Ступив в горницу Мстиславского, Миша Скопин и хозяин отдали кресты на образа, а Стась первым делом отпахнул окно: русские, любя, терпели духоту и пот, но чужак не мог пока без воздуха.
Стол и тут был уже накрыт, но уже никто не глянул на него. Мстиславский махнул рукавом: и забежавшие в горницу следом песельники и шутихи пошли хватать в подолы со стола. Скопин взял перед тем только три достакана и сулейку из настольной гущи и сказал: – Пошли в сад.
Маленький седатый цимбалист, оттертый от стола, ударил молоточками в звонкий, вдавшийся ему в грудь ящичек, обращая на себя внимание.
– Мишук, какой сад?
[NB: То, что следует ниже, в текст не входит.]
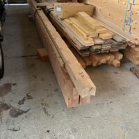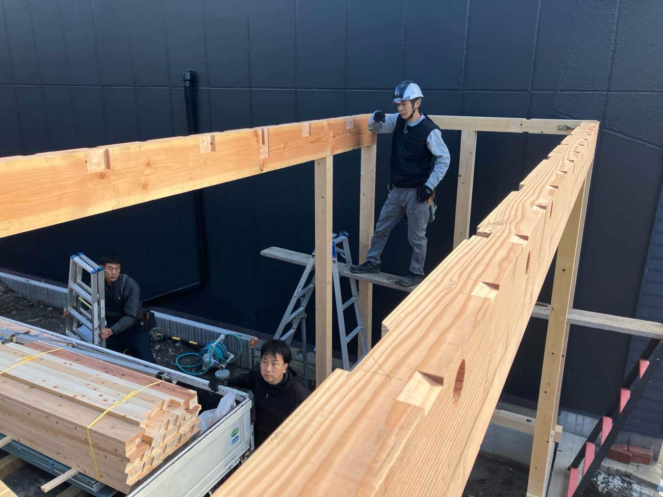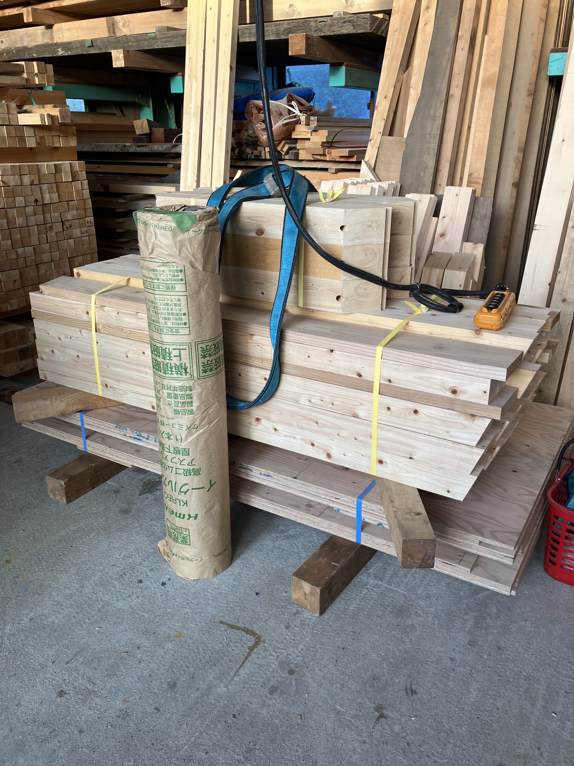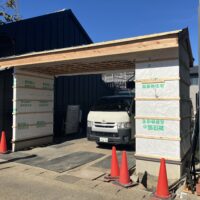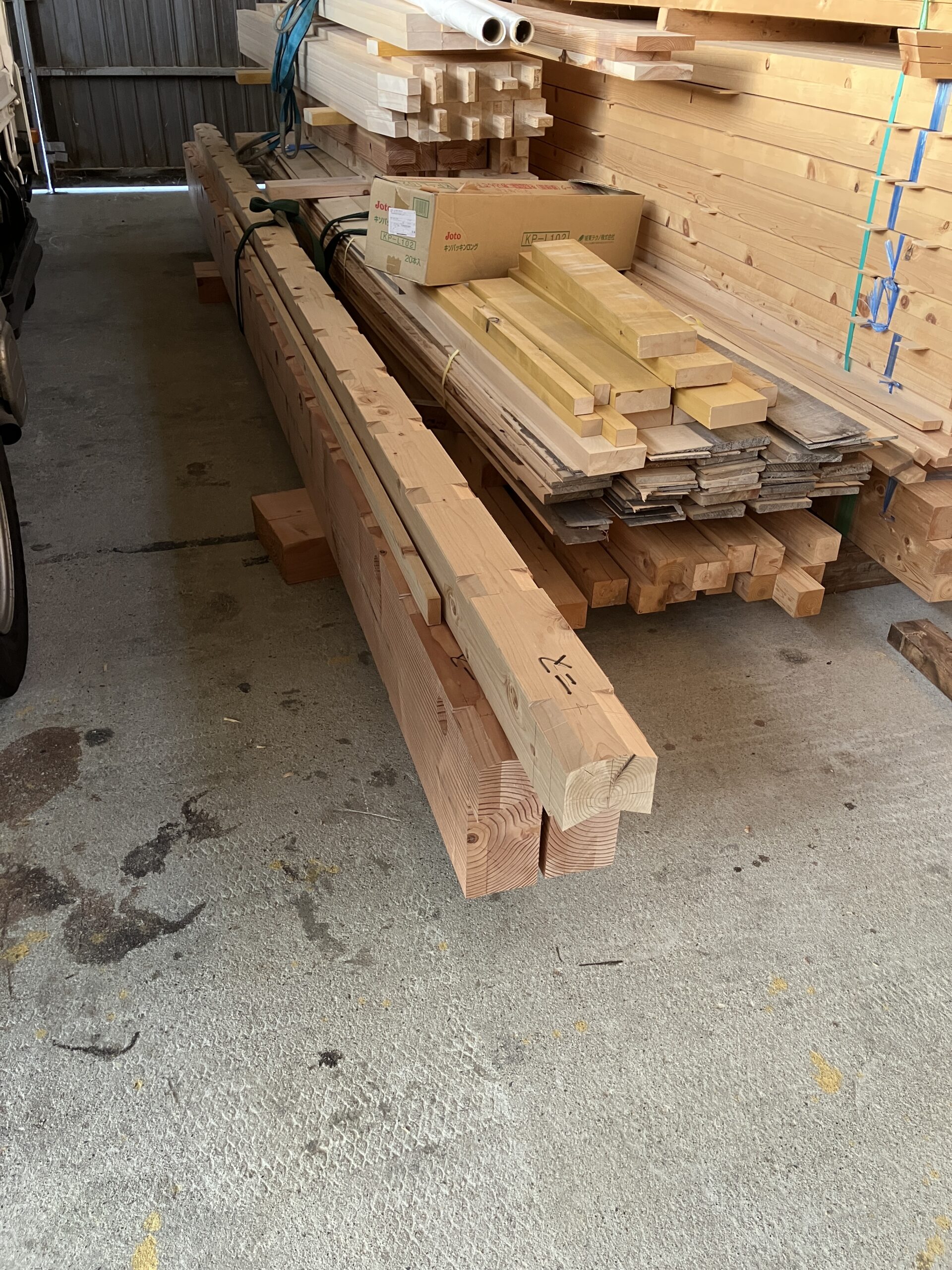 完成見学会が無事に終わり、現場ではo様手配の外構工事が進んでいます。門を構えてしまうと、中の工事がやりにくくなってしまうので、本当は門も建てて終わりたいと言うのが建築屋の本音ですが、外構屋さんの身になるとそんな冷たい事は言えません💦今日は、本社に行って倉庫の中を見てみると、大工さんが刻んだ門の材料が出番を待っていました。来週の11日に棟上げ予定です。

По леву тыну – поп Ополодор приходу моего живет, – придержал мечника боярин. – Направо – законник Приимков-Ростовский… Всего-то посидим, под яблонью свирель послушаем – а разнесут: блудили… Знаешь сам как… Нет, и так поляк уж окно разволок!
– Ох-ох-ох, Непобедимейший! – развеселился мечник. – А еще говорят, ты и во времена Иоанновы жил! – (подмигнул он Стасю) – Да в твоей породе и летах на все эти «како достойно» надо уж чихать, а не порскать, как хорек, от каждого попенка.
– Да в Иоанновы-то времена таких, как ты, – зверея, рдел Мстиславский, – задорных боярчат…
– Вот, лучше! – хладнокровно оценивал Скопин. – Вот как он теперь, и был у нас примерно Иоанн, – указывал он Стасю с осанкой знающего провожатого.
– Как я – Иоанн! – кивнул Стасю и хозяин. – Вот он так, примерно, некоторых перед ним плясать под дудку присуждал!
Сдернув с одного потешника бубенчатый колпак, Мстиславский с ним набросился на мечника. Тот, умело лавируя горницей, опрокидывая кумганы и лавки, какое-то время с успехом спасался, но горница была мала, и ражий старец сгреб его, начал ловить дурацким колпаком голову мечника, напяливать колпак.
С неподдельным воодушевлением все события сопровождали свирели, седой цимбалист зачастил молоточками.
Федор Иванович казнил теперь Скопина: изловчась, рубил по вороту ребром ладони. Мечник, упершись ему головой в живот, ровно противился, дожидаясь, когда весь Мстиславский навалится, и вдруг вынырнул – отпрянул назад и чуть вбок. «Непобедимейший», всей равноускоренной тяжестью, грянулся об пол.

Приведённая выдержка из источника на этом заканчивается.